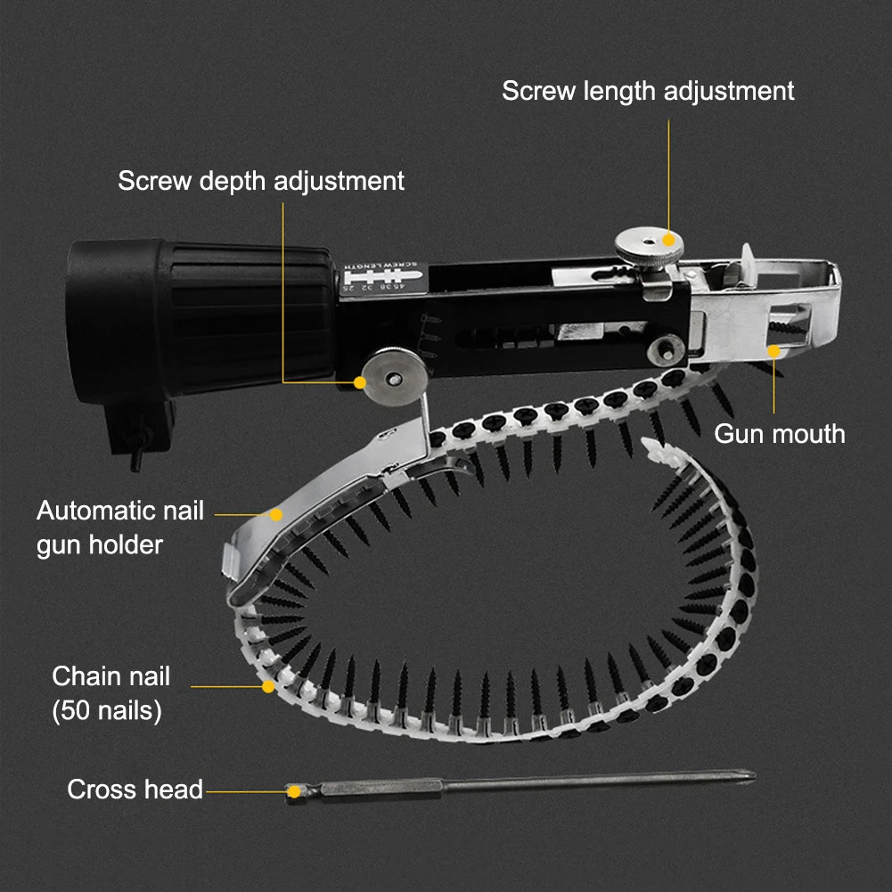 1 комплект, автоматическая винтовая цепь, пистолет для ногтей, адаптер для электрической дрели, деревообрабатывающий инструмент, беспроводная силовая дрель, крепление, цепь для головы, стойка
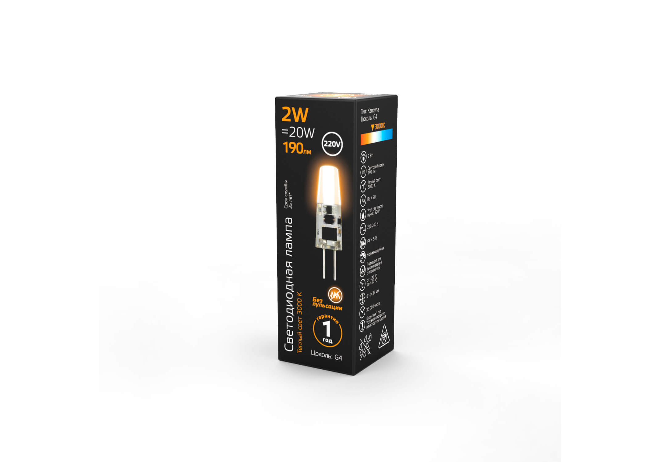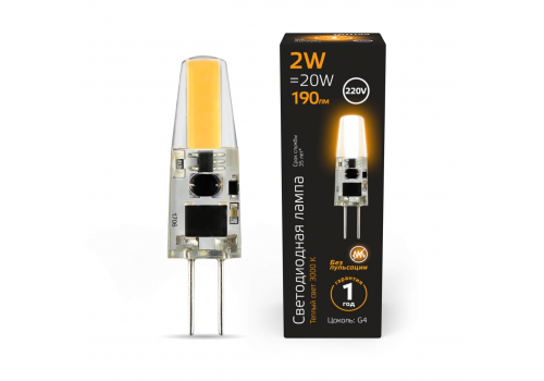 Лампа светодиодная Gauss G4 2W 3000K прозрачная 107707102
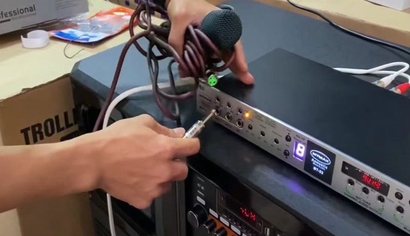 Bước 4: Cắm micro có dây vào vang, tuy nhiên, nếu bạn muốn sử dụng micro không dây cần dùng thêm bộ thu sóng cắm vào cổng Mic trên vang số.
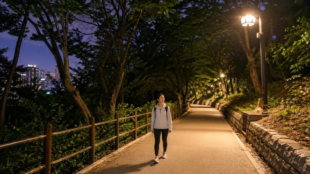 특히 “등산은 무섭지만 밤 숲길 분위기는 느끼고 싶다”는 분에게 잘 맞습니다. 자락길 위주로 움직이면 훨씬 안정적이고, 호흡도 크게 무너지지 않아요. 정상까지 욕심내기보다 자락길 산책 + 전망 포인트 정도로 즐기는 게 좋습니다.
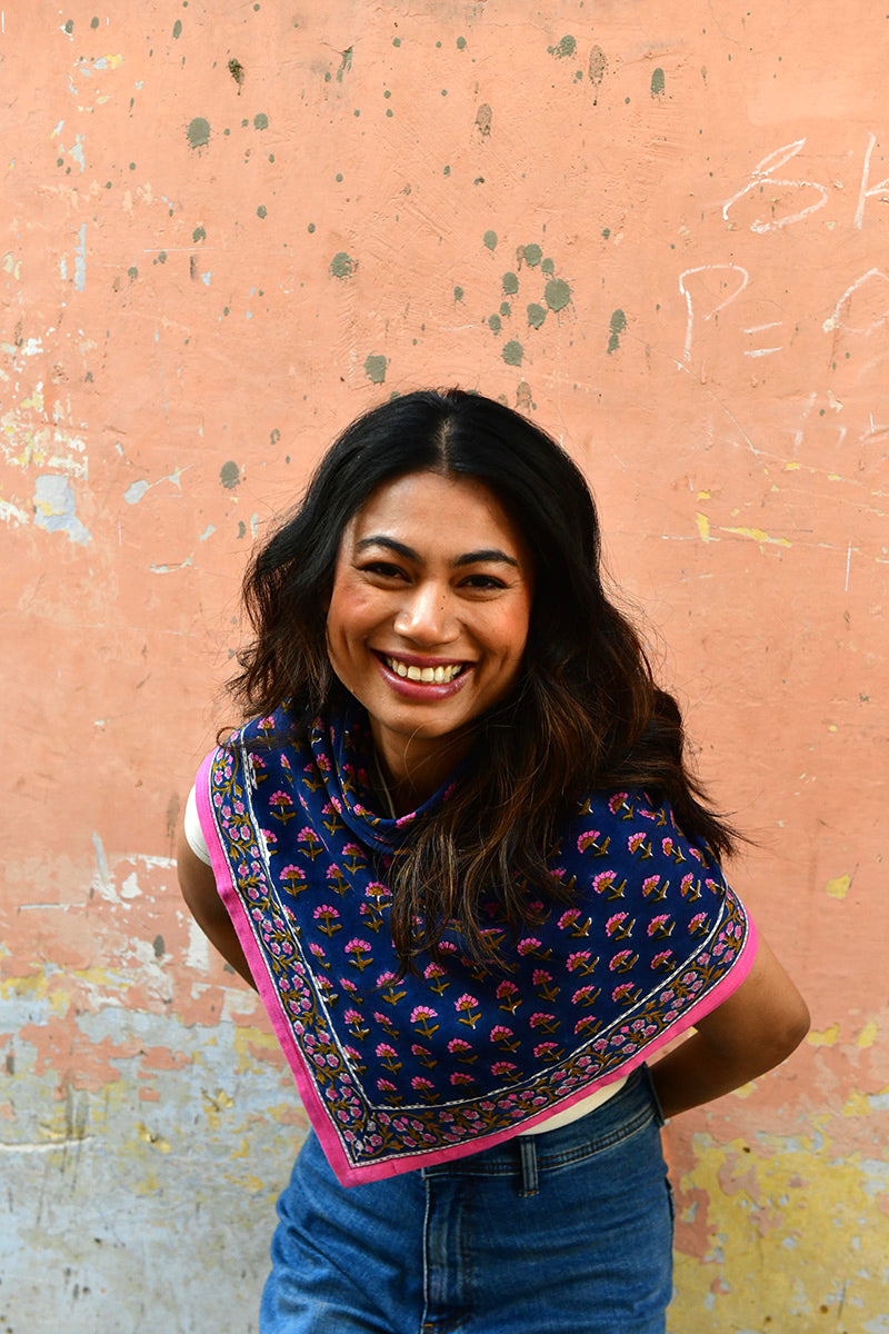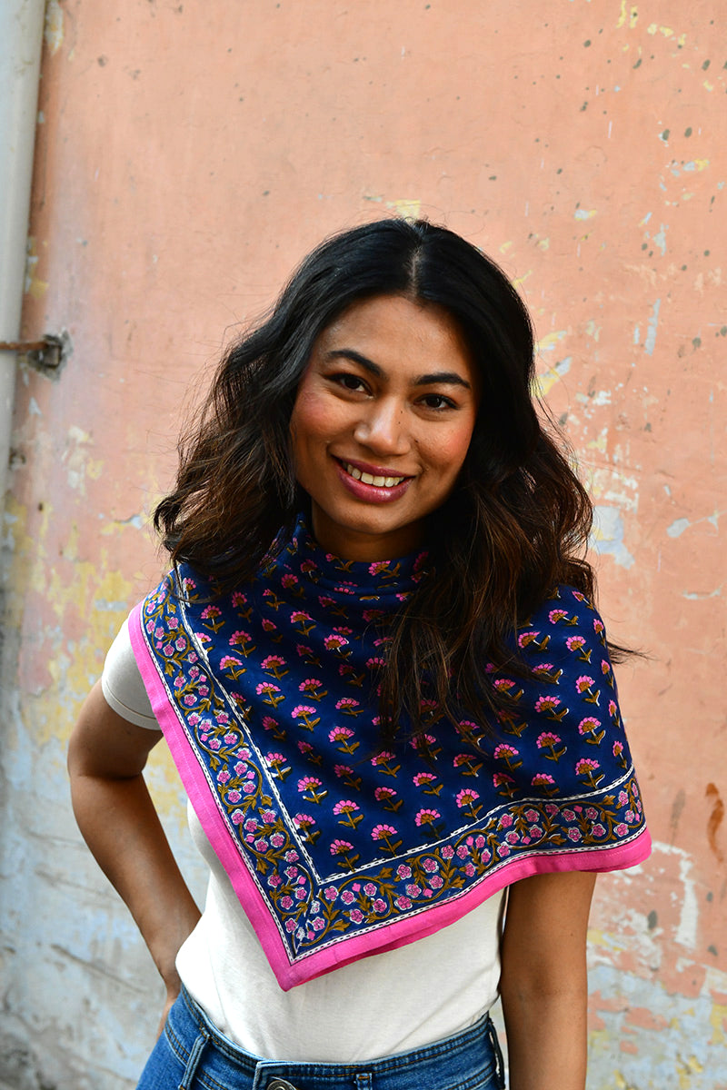 Cet foulard a été imprimé de manière artisanale selon la technique d'impression blockprint et confectionné à Jaipur en Inde. Les couleurs sont réalisées à partir de pigments naturels.

### Required work
Type out the entries again without a single change, and leave the pictures out.

### Result for this task
 1 комплект, автоматическая винтовая цепь, пистолет для ногтей, адаптер для электрической дрели, деревообрабатывающий инструмент, беспроводная силовая дрель, крепление, цепь для головы, стойка
 Лампа светодиодная Gauss G4 2W 3000K прозрачная 107707102
 Bước 4: Cắm micro có dây vào vang, tuy nhiên, nếu bạn muốn sử dụng micro không dây cần dùng thêm bộ thu sóng cắm vào cổng Mic trên vang số.
 특히 “등산은 무섭지만 밤 숲길 분위기는 느끼고 싶다”는 분에게 잘 맞습니다. 자락길 위주로 움직이면 훨씬 안정적이고, 호흡도 크게 무너지지 않아요. 정상까지 욕심내기보다 자락길 산책 + 전망 포인트 정도로 즐기는 게 좋습니다.
 Cet foulard a été imprimé de manière artisanale selon la technique d'impression blockprint et confectionné à Jaipur en Inde. Les couleurs sont réalisées à partir de pigments naturels.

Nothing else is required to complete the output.